◆ **ASSIGNMENT**
Apart from the images, repeat the data below exactly as written.

◆ **DATA SECTION**
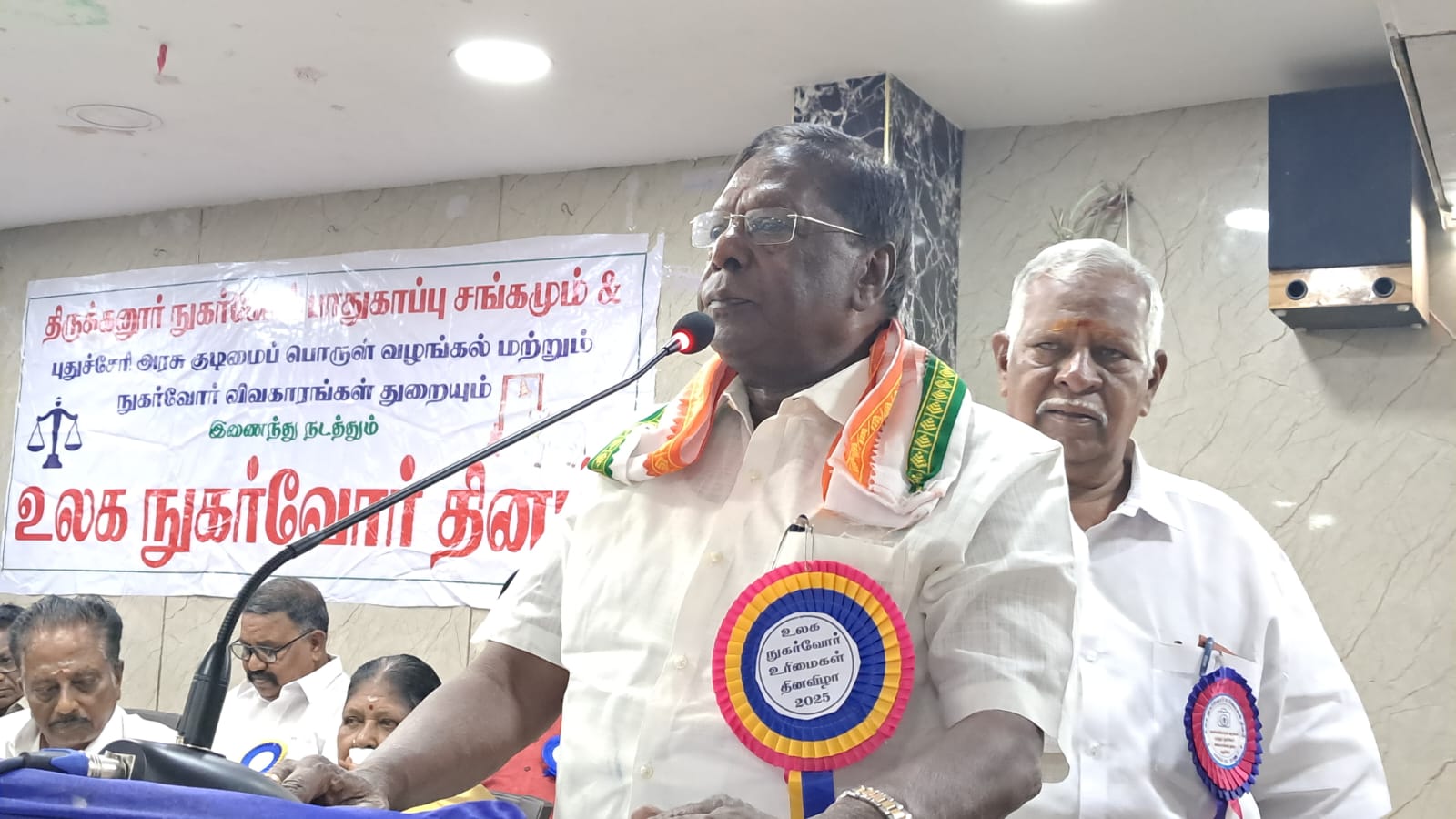 நுகர்வோர் பாதுகாப்பு சங்கத் தலைவர் முத்துரங்கம் முன்னிலையில் நடைபெற்ற நிகழ்வில் முன்னாள் முதலமைச்சர் நாராயணசாமி சிறப்பு விருந்தினராக கலந்து கொண்டார்.
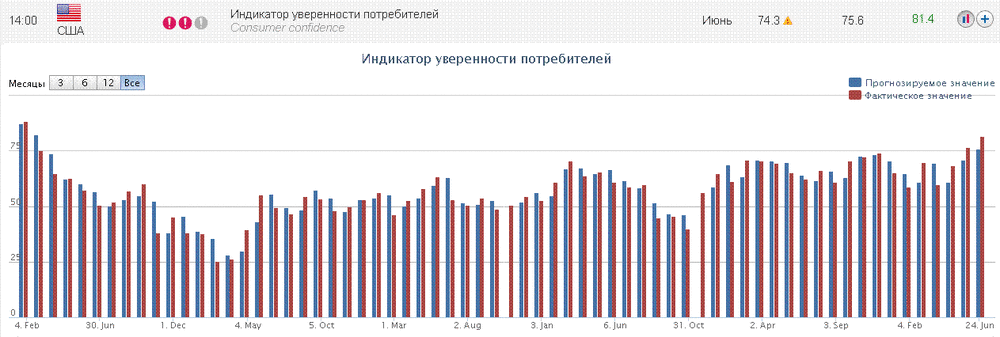 Индекс доверия потребителей от Conference Board в июне вырос до пятилетнего максимума: 81,4 против 74,3 в мае. Это максимальное значение с января 2008 г.
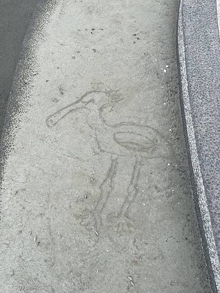 剛剛我們下海抓魚的時候,因為他身高不夠,沒辦法一起穿青蛙裝下海,無聊的他就在岸邊畫畫,用石頭在沙子上畫一隻「黑面琵鷺」和其他生物,工作人員拍給我看,也是很感人。

◆ **OUTPUT**
 நுகர்வோர் பாதுகாப்பு சங்கத் தலைவர் முத்துரங்கம் முன்னிலையில் நடைபெற்ற நிகழ்வில் முன்னாள் முதலமைச்சர் நாராயணசாமி சிறப்பு விருந்தினராக கலந்து கொண்டார்.
 Индекс доверия потребителей от Conference Board в июне вырос до пятилетнего максимума: 81,4 против 74,3 в мае. Это максимальное значение с января 2008 г.
 剛剛我們下海抓魚的時候,因為他身高不夠,沒辦法一起穿青蛙裝下海,無聊的他就在岸邊畫畫,用石頭在沙子上畫一隻「黑面琵鷺」和其他生物,工作人員拍給我看,也是很感人。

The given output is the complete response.